## Prompt
Make an exact copy of the records, with the pictures left out.

Dataset items
= Beginning of Section =

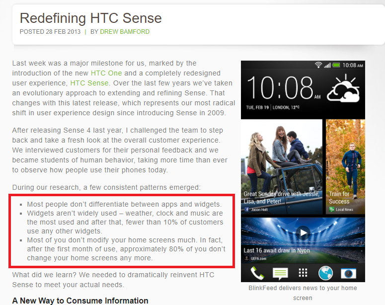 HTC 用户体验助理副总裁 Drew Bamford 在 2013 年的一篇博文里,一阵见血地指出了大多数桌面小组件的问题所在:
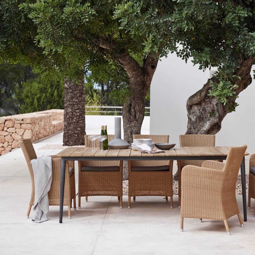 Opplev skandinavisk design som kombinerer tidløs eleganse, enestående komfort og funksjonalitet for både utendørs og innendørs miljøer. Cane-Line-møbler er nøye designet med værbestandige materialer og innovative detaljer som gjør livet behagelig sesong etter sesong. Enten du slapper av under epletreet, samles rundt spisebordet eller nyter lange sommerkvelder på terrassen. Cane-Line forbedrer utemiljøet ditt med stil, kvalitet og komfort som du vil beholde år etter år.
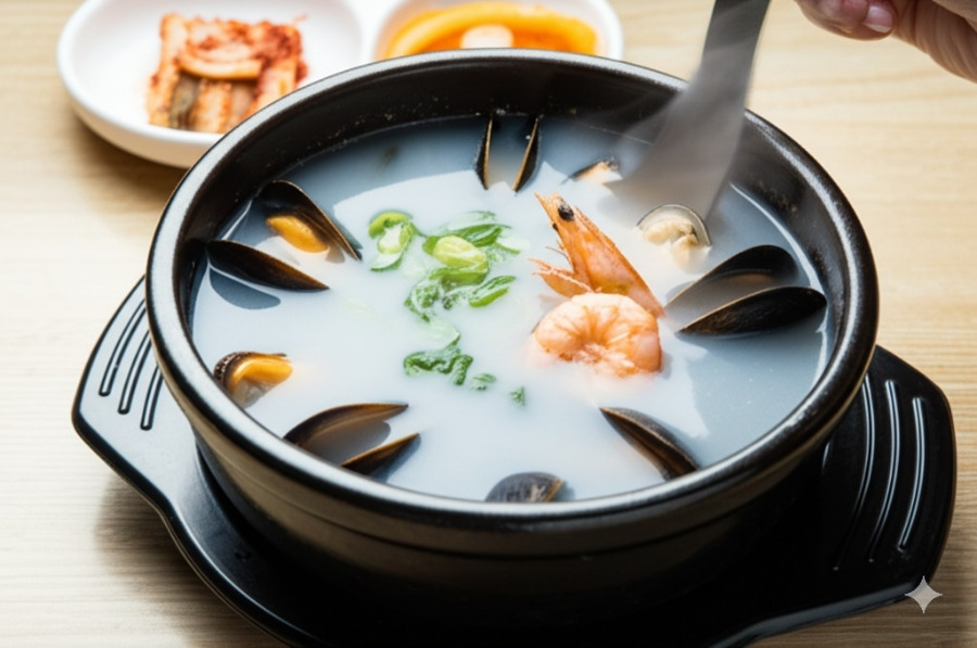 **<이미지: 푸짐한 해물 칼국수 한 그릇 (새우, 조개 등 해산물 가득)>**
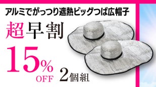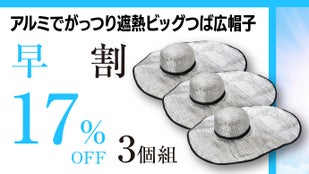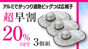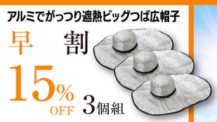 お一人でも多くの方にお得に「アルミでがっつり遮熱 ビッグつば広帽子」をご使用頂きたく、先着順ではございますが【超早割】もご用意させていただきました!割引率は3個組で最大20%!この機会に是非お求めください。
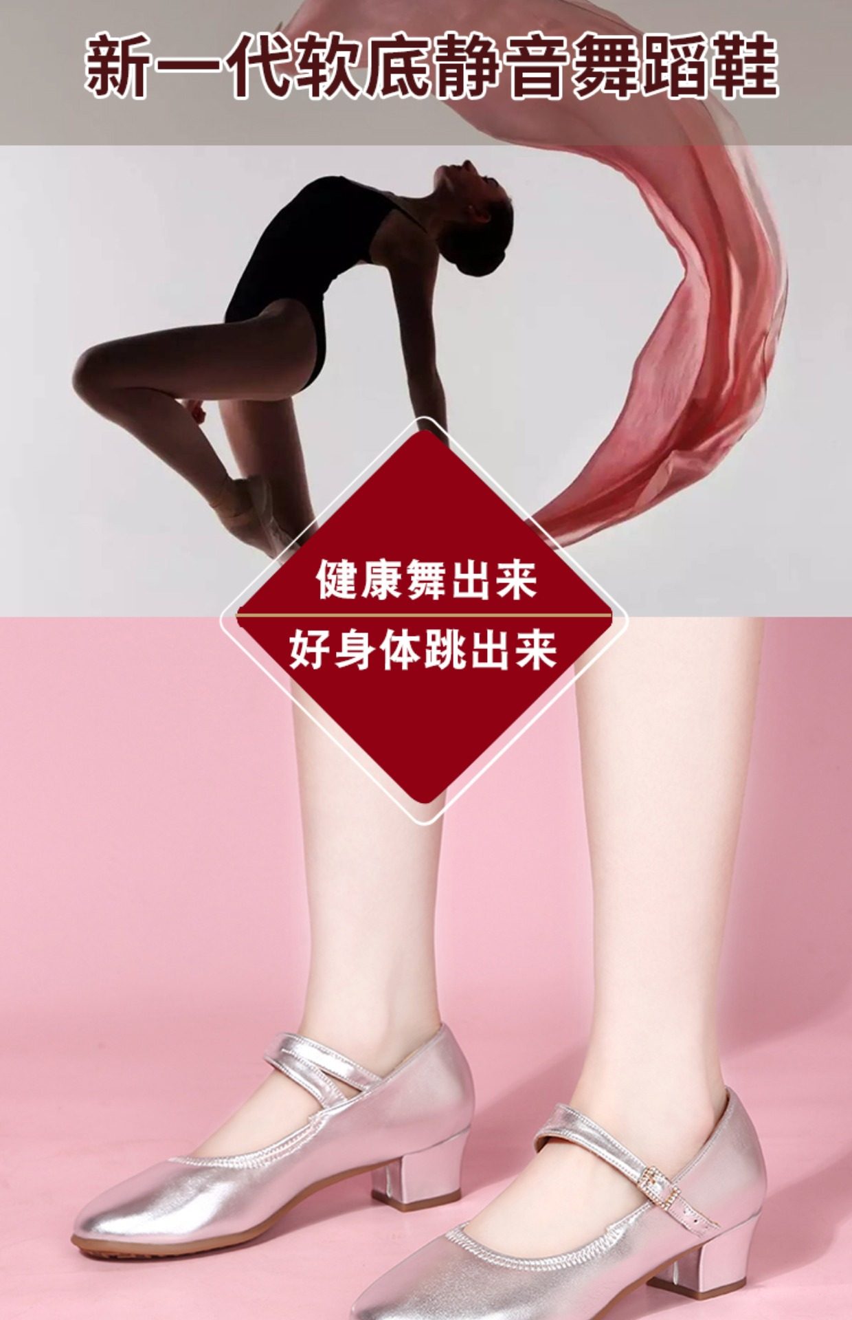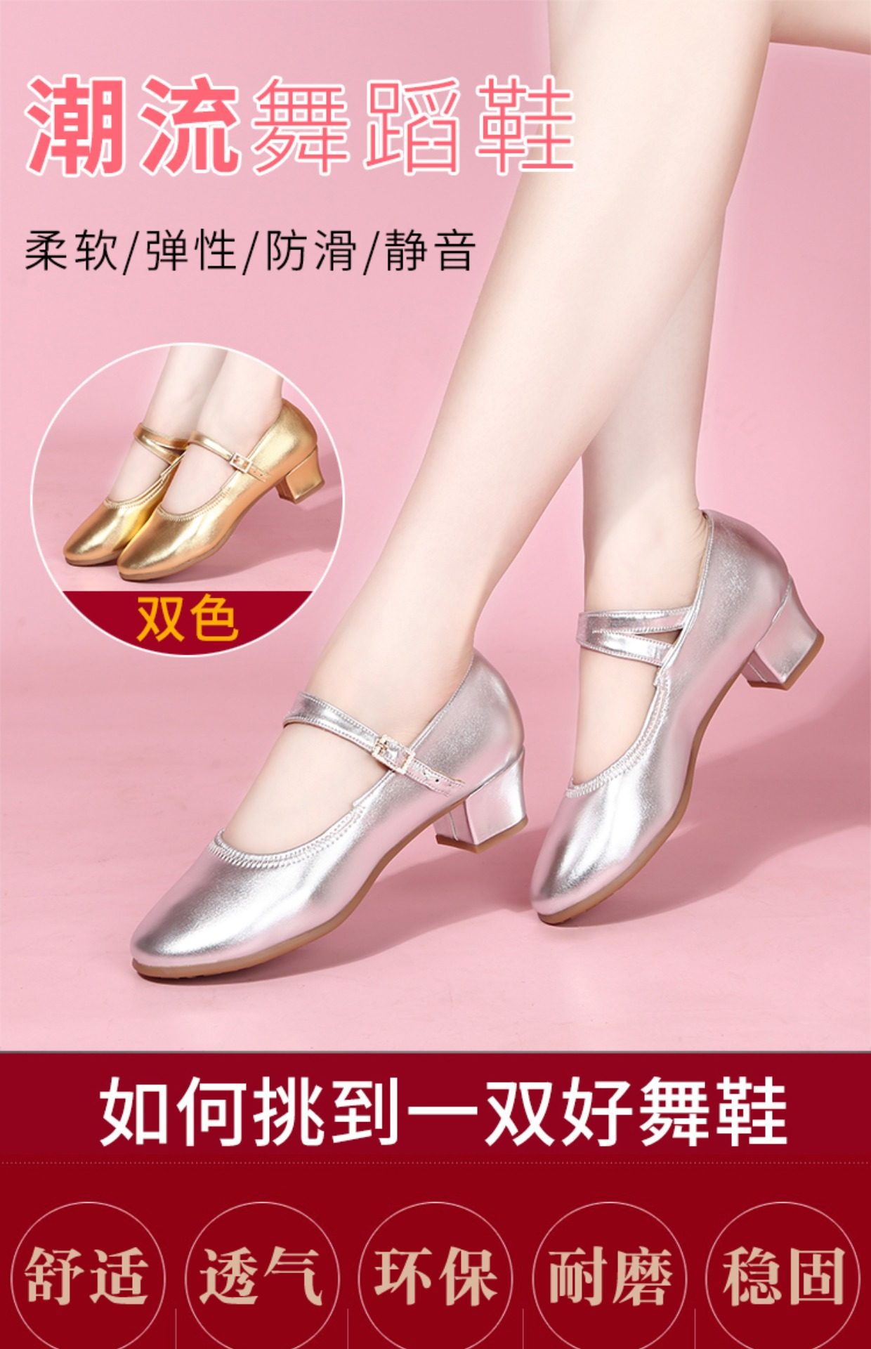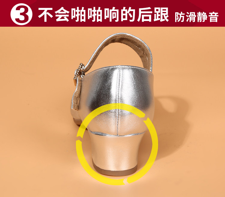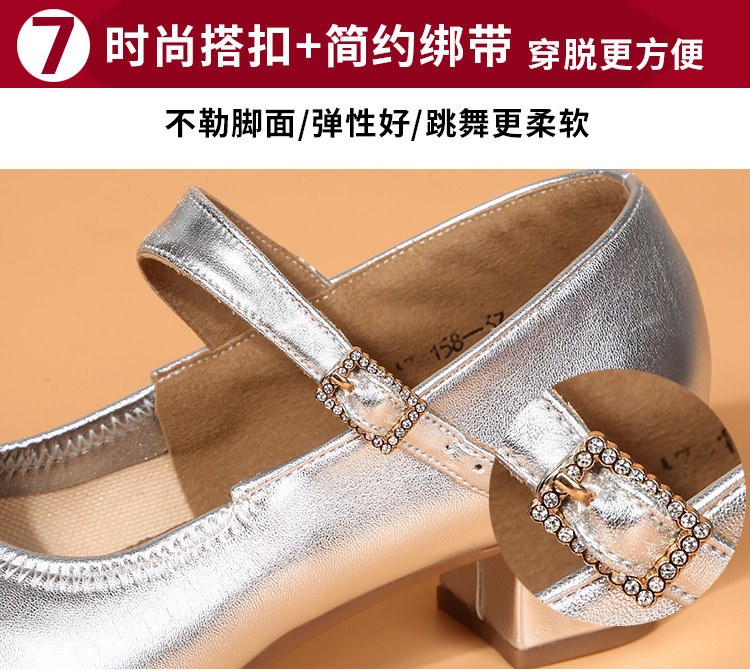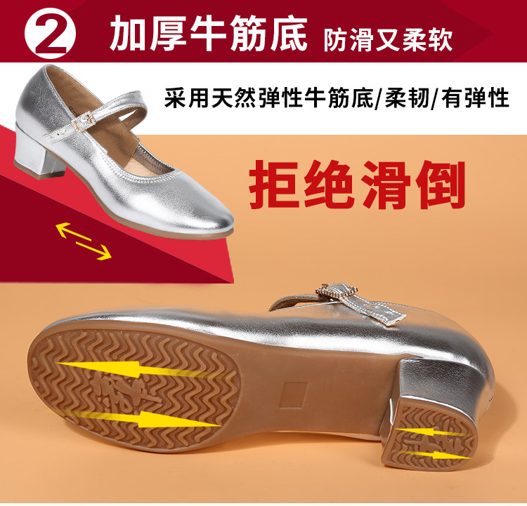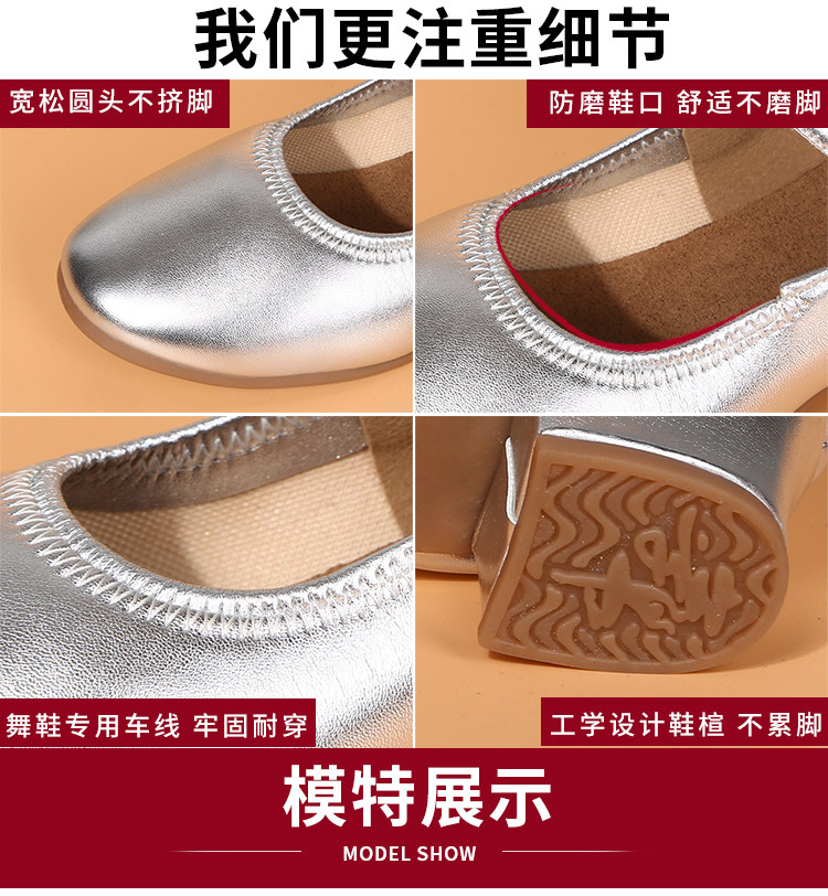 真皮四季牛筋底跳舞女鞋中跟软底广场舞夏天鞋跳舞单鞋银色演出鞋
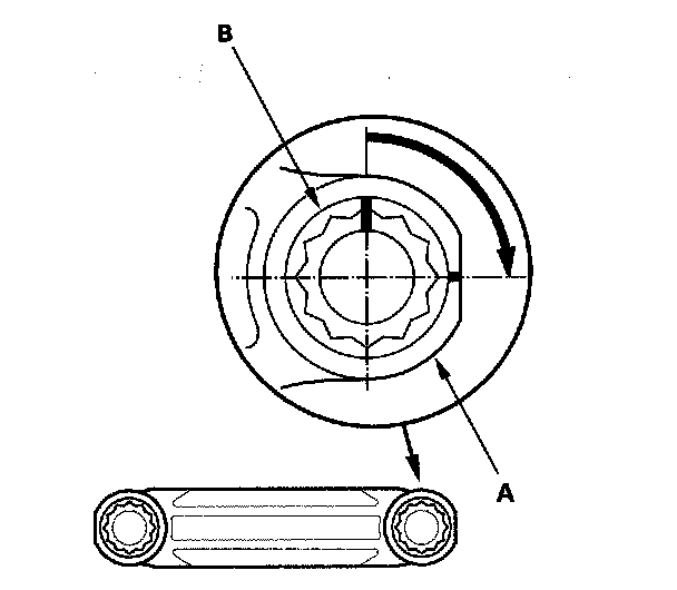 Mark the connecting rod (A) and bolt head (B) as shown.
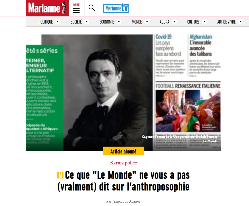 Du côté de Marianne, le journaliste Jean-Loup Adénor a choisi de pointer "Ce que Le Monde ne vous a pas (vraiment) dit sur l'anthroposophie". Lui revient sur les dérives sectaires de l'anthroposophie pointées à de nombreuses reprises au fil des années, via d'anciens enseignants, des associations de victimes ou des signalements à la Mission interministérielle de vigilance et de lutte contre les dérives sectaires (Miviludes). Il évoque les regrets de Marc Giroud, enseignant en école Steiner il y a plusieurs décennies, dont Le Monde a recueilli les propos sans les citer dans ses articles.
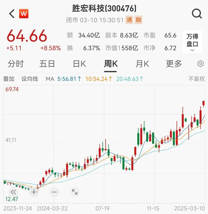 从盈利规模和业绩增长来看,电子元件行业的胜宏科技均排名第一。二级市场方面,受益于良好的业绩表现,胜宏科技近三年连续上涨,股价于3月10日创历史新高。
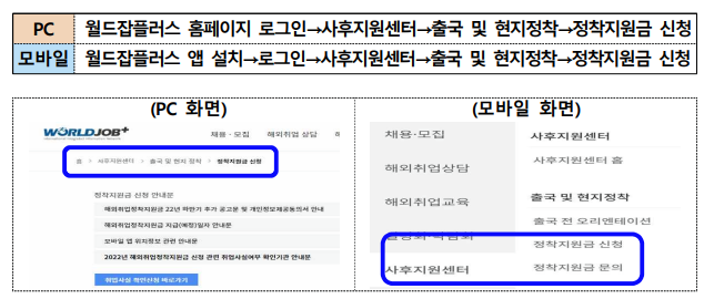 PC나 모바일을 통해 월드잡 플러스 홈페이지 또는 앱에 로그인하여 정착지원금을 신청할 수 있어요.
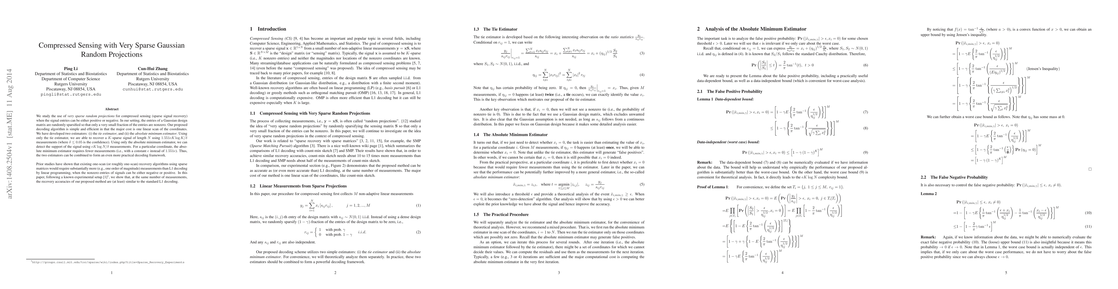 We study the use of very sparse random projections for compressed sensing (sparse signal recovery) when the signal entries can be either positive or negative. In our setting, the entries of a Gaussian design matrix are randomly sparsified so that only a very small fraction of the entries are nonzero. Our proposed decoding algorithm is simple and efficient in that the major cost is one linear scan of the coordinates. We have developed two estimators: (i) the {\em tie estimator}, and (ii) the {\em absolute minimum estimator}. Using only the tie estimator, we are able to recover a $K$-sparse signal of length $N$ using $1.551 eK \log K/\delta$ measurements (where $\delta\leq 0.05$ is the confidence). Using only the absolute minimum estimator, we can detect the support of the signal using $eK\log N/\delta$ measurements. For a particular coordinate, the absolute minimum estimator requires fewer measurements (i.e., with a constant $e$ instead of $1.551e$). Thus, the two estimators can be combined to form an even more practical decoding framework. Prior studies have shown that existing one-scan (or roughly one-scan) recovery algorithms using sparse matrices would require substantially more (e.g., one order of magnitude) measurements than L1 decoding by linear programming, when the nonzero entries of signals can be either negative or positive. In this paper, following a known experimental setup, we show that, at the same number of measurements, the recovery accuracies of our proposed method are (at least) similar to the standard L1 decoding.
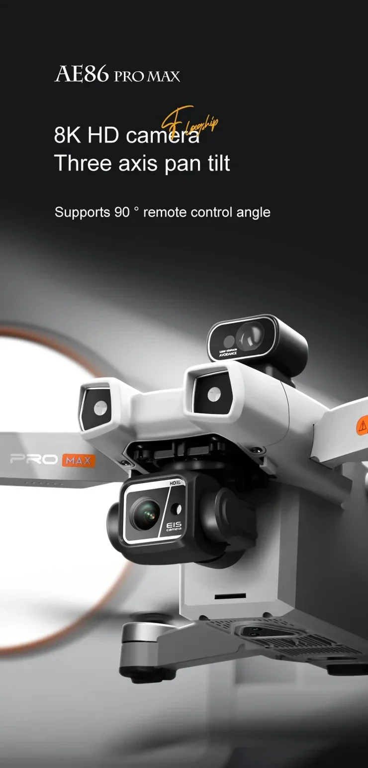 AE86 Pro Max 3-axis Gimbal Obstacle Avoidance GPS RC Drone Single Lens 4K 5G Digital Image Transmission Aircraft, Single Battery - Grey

= End of Section =

## Written response
 HTC 用户体验助理副总裁 Drew Bamford 在 2013 年的一篇博文里,一阵见血地指出了大多数桌面小组件的问题所在:
 Opplev skandinavisk design som kombinerer tidløs eleganse, enestående komfort og funksjonalitet for både utendørs og innendørs miljøer. Cane-Line-møbler er nøye designet med værbestandige materialer og innovative detaljer som gjør livet behagelig sesong etter sesong. Enten du slapper av under epletreet, samles rundt spisebordet eller nyter lange sommerkvelder på terrassen. Cane-Line forbedrer utemiljøet ditt med stil, kvalitet og komfort som du vil beholde år etter år.
 **<이미지: 푸짐한 해물 칼국수 한 그릇 (새우, 조개 등 해산물 가득)>**
 お一人でも多くの方にお得に「アルミでがっつり遮熱 ビッグつば広帽子」をご使用頂きたく、先着順ではございますが【超早割】もご用意させていただきました!割引率は3個組で最大20%!この機会に是非お求めください。
 真皮四季牛筋底跳舞女鞋中跟软底广场舞夏天鞋跳舞单鞋银色演出鞋
 Mark the connecting rod (A) and bolt head (B) as shown.
 Du côté de Marianne, le journaliste Jean-Loup Adénor a choisi de pointer "Ce que Le Monde ne vous a pas (vraiment) dit sur l'anthroposophie". Lui revient sur les dérives sectaires de l'anthroposophie pointées à de nombreuses reprises au fil des années, via d'anciens enseignants, des associations de victimes ou des signalements à la Mission interministérielle de vigilance et de lutte contre les dérives sectaires (Miviludes). Il évoque les regrets de Marc Giroud, enseignant en école Steiner il y a plusieurs décennies, dont Le Monde a recueilli les propos sans les citer dans ses articles.
 从盈利规模和业绩增长来看,电子元件行业的胜宏科技均排名第一。二级市场方面,受益于良好的业绩表现,胜宏科技近三年连续上涨,股价于3月10日创历史新高。
 PC나 모바일을 통해 월드잡 플러스 홈페이지 또는 앱에 로그인하여 정착지원금을 신청할 수 있어요.
 We study the use of very sparse random projections for compressed sensing (sparse signal recovery) when the signal entries can be either positive or negative. In our setting, the entries of a Gaussian design matrix are randomly sparsified so that only a very small fraction of the entries are nonzero. Our proposed decoding algorithm is simple and efficient in that the major cost is one linear scan of the coordinates. We have developed two estimators: (i) the {\em tie estimator}, and (ii) the {\em absolute minimum estimator}. Using only the tie estimator, we are able to recover a $K$-sparse signal of length $N$ using $1.551 eK \log K/\delta$ measurements (where $\delta\leq 0.05$ is the confidence). Using only the absolute minimum estimator, we can detect the support of the signal using $eK\log N/\delta$ measurements. For a particular coordinate, the absolute minimum estimator requires fewer measurements (i.e., with a constant $e$ instead of $1.551e$). Thus, the two estimators can be combined to form an even more practical decoding framework. Prior studies have shown that existing one-scan (or roughly one-scan) recovery algorithms using sparse matrices would require substantially more (e.g., one order of magnitude) measurements than L1 decoding by linear programming, when the nonzero entries of signals can be either negative or positive. In this paper, following a known experimental setup, we show that, at the same number of measurements, the recovery accuracies of our proposed method are (at least) similar to the standard L1 decoding.
 AE86 Pro Max 3-axis Gimbal Obstacle Avoidance GPS RC Drone Single Lens 4K 5G Digital Image Transmission Aircraft, Single Battery - Grey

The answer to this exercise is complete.